Can you elaborate on your usecase for using unstable, while still wanting the stability? Then perhaps we can come up with a reasonable solution here.

As I said above: I’m helping flush out issues early, before they hit next stable. The reasonable solution is to recognize, that our stable users will also be hit by the same breakage that we are, only delayed, and that there is little qualitative difference between the channels, except for maturity.

Just going “why don’t you just use stable then?” completely misses that point.

@raboof

Please do not see this as “taking the L”

Why not? I started a fight. I thought it was about stability of our user experience. Turns out it was also about the tone we find acceptable. I don’t have a problem with changing my approach and “losing” some of the sass, if it means that the community wins in civility. I only ask that we still take this issue seriously, even if I roll off the gas.

the particular case that triggered this thread seemed fairly reasonably considered, though?

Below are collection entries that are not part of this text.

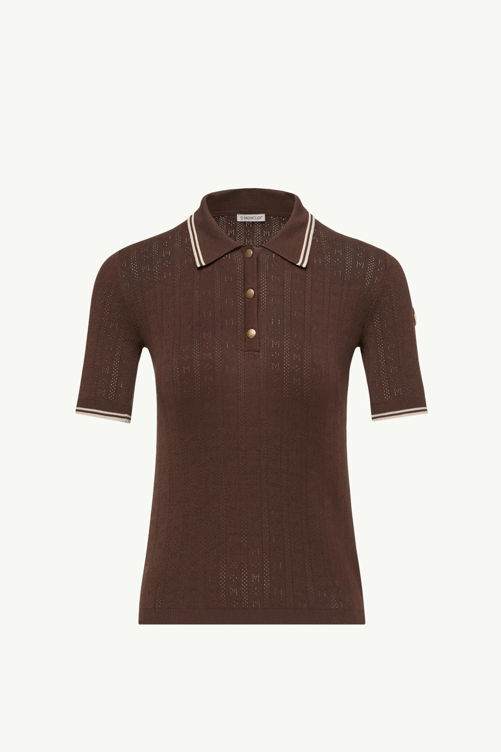 Shaped by Moncler's heritage, this polo shirt for women features an intricate logo pattern. An evolution of brand codes, the logo is transformed into a delicate open work motif atop this polo shirt. The lightweight knit is crafted from cotton and presented in a short sleeve silhouette. DETAILS - Crafted from cotton - Gauge 18 - Collar - Short sleeves - Button closure - Knit logo pattern COMPOSITION BASE FABRIC: 100% Cotton Product code L10939A00005M9371242 Made in Romania
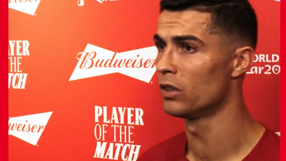 O capitão da Seleção Nacional foi solidário com exibições de colegas no momento de aceitar o prémio de homem do jogo. Cristiano Ronaldo garantiu que a distinção poderia ter sido oferecida a Danilo Pereira, João Félix ou Bruno Fernandes. [Imagens: Budweiser]
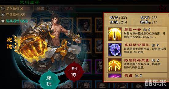 终极骑兵血量(Lv6):该武将擅长骑兵作战,能够增加10%的骑兵血量。

Hard disagree. As detailed above, it was the most egregious case, I’ve seen in a long time:

  • It removed working options for security reasons, even though they could be configured safely
  • It introduced a submodule in its place, in a way that prevented both proper error message and any type of backwards compatibility, even as an afterthought [1]
  • It seems to have done this in a paradoxical way, where
    • we’re done after migrating internal users, because external users should expect to be broken on unstable
    • we’re so concerned about our external user’s security, even after having migrated all internal users, that we can’t let them have their toys any more, not even with a warning. are we realizing that this way, we’re disincentivizing users from upgrade, which is even worse for security?

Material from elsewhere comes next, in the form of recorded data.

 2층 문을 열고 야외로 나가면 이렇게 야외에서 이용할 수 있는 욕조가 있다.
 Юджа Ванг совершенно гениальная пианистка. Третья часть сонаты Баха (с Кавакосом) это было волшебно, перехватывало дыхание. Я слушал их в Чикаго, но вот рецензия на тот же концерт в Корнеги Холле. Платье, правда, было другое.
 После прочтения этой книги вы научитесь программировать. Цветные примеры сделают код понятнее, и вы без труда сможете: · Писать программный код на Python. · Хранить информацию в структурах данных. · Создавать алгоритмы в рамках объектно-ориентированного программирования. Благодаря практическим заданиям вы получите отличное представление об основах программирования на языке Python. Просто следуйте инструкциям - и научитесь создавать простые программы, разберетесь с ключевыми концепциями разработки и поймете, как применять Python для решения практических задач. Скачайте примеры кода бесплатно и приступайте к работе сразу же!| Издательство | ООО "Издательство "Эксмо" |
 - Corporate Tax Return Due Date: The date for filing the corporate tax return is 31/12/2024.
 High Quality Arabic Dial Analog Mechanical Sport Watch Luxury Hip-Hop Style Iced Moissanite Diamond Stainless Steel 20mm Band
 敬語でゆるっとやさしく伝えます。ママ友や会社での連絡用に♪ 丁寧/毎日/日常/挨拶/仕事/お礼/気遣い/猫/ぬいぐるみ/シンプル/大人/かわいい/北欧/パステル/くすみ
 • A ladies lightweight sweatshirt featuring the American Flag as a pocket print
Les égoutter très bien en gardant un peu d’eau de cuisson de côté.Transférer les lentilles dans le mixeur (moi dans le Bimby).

Perhaps ‘declarative’ was the wrong word to use, but did you really not understand what I was writing here?

I can see your hands, waving, but I actually don’t know precisely what your point is here. Is it “because we can detect a certain class of breakage (that which produce eval errors) earlier, it’s more acceptable to break our users”?

postponing your update

That goes exactly to the heart of the issue: Why is the NixOS security team deciding for me, that I can’t get my latest CVE fixes, before having reviewed all uses of fcgiwrap in my systems? In the name of fixing a local privilege escalation?

FFS! Local root exploits are a dime a dozen. Those should never hold up more important security fixes!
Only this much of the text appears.